## TASK OBJECTIVE
Below is a listing; transcribe it exactly but without any images.

## AVAILABLE DATA
»»
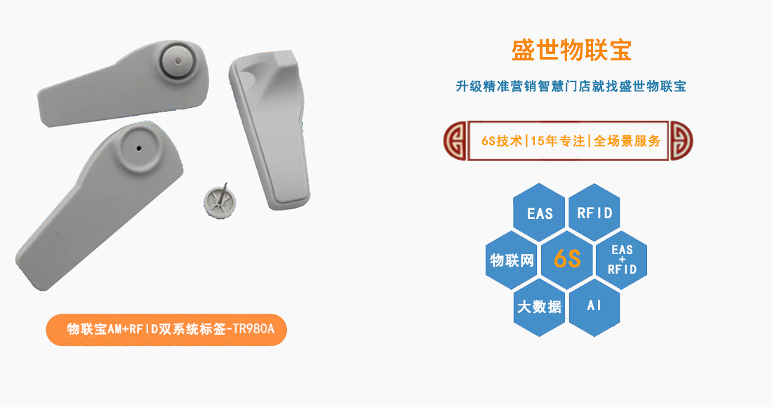 物聯寶TR980A 雙系統智能電子標簽內嵌AM標簽和RFID芯片,同時具有AM防盜和RFID識別功能,結合AM聲磁系統在零售賣場抗金屬能力強、報警率高優勢彌補RFID技術在防盜領域內的易屏蔽缺陷,AM、RFID技術的巧妙結合使得智能防盜、識別更高效,使用范圍更廣,適用于服裝、鞋帽、箱包等零售管理。
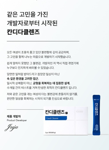 ‘칸디클렌즈’는 미생물 균주를 20년간 연구해 온 전문 연구원이 미생물 전문 연구소에서 직접 균주를 채취해 개발한 원료인 ‘바이오 필’을 바탕으로, Y존 관리를 위한 천연 유래 시너지 조합으로 설계된 제품이다.
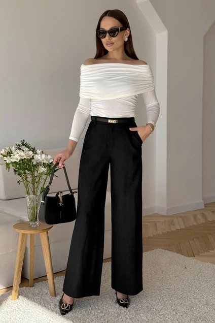 Промеры на примере 42 р.: Длина изделия по боковому шву с учетом пояса 112 см, ОТ - 68 см, ОБ - 94 см. Ширина(1/2) брюк по низу 31,5 см.
««
## RESULT
 物聯寶TR980A 雙系統智能電子標簽內嵌AM標簽和RFID芯片,同時具有AM防盜和RFID識別功能,結合AM聲磁系統在零售賣場抗金屬能力強、報警率高優勢彌補RFID技術在防盜領域內的易屏蔽缺陷,AM、RFID技術的巧妙結合使得智能防盜、識別更高效,使用范圍更廣,適用于服裝、鞋帽、箱包等零售管理。
 ‘칸디클렌즈’는 미생물 균주를 20년간 연구해 온 전문 연구원이 미생물 전문 연구소에서 직접 균주를 채취해 개발한 원료인 ‘바이오 필’을 바탕으로, Y존 관리를 위한 천연 유래 시너지 조합으로 설계된 제품이다.
 Промеры на примере 42 р.: Длина изделия по боковому шву с учетом пояса 112 см, ОТ - 68 см, ОБ - 94 см. Ширина(1/2) брюк по низу 31,5 см.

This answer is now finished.